> **DATASET EXTRACT**
Start of Block

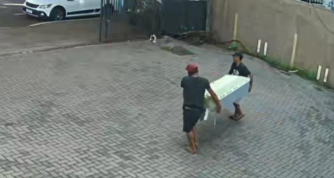No vídeo é possível notar que dois homens entram no imóvel e retiram um objeto que estava armazenado no local. Posteriormente eles carregam o item até um carrinho de recicláveis que estava na calçada e vão embora.
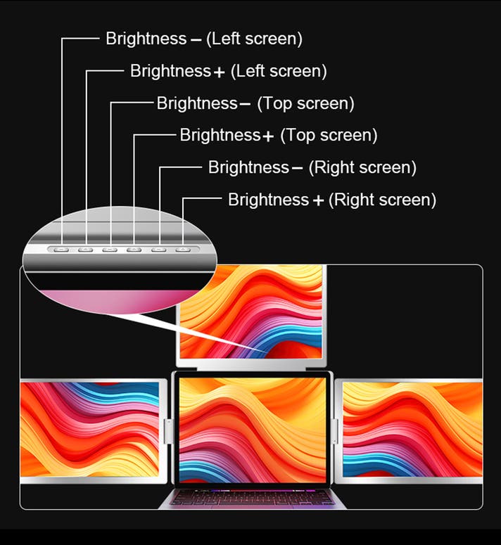 「トリプルモニター」の明るさ調整はモニター本体のボタンからおこなえます。
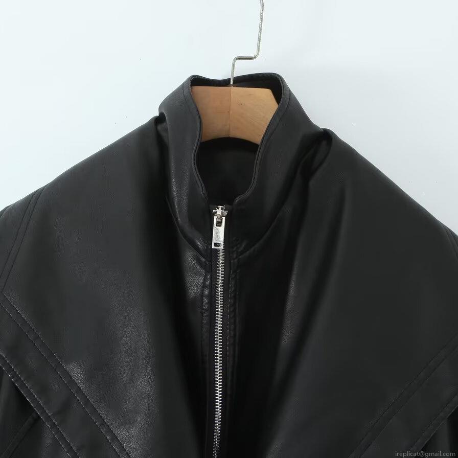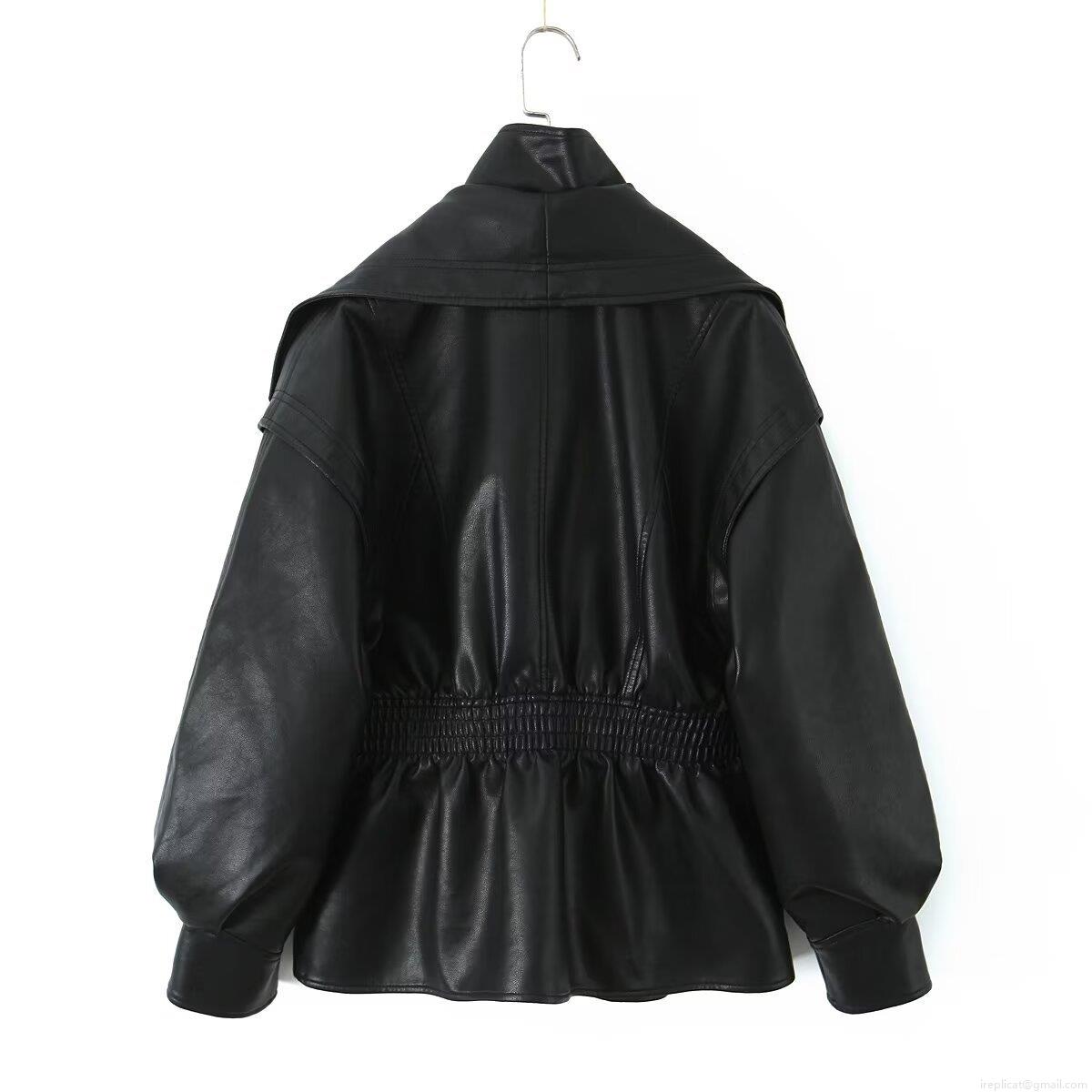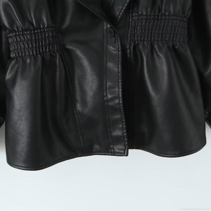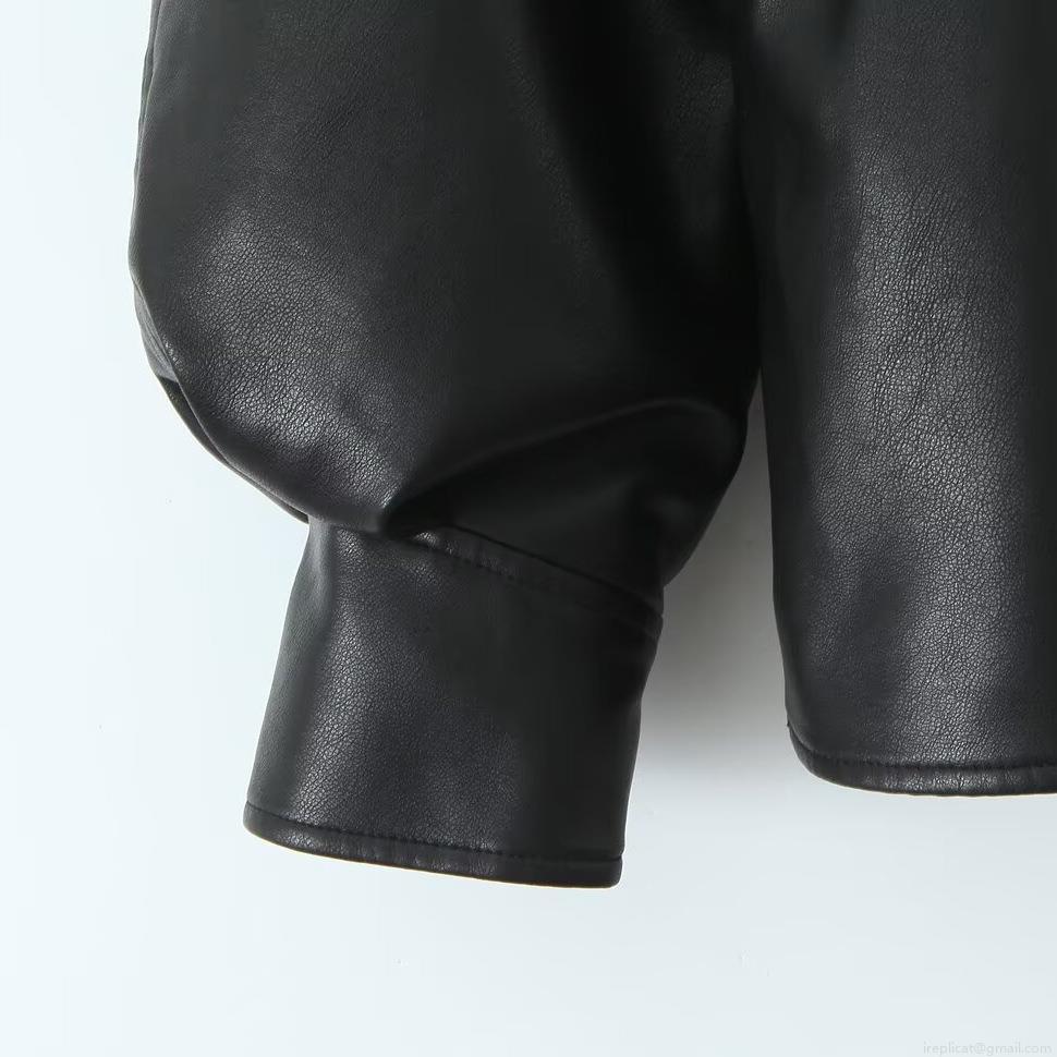 • Women Fashion Faux PU Leather Jacket Modern Waist Cinching Lantern Sleeve Large Lapel Zipper Short Outerwear For Ladies Commuter Style Autumn Winter Coat

End of Block

> **TASK ITEM**
Transcribe the listing above verbatim. No picture belongs in the result.

> **ANSWER FOR THE TASK**
No vídeo é possível notar que dois homens entram no imóvel e retiram um objeto que estava armazenado no local. Posteriormente eles carregam o item até um carrinho de recicláveis que estava na calçada e vão embora.
 「トリプルモニター」の明るさ調整はモニター本体のボタンからおこなえます。
 • Women Fashion Faux PU Leather Jacket Modern Waist Cinching Lantern Sleeve Large Lapel Zipper Short Outerwear For Ladies Commuter Style Autumn Winter Coat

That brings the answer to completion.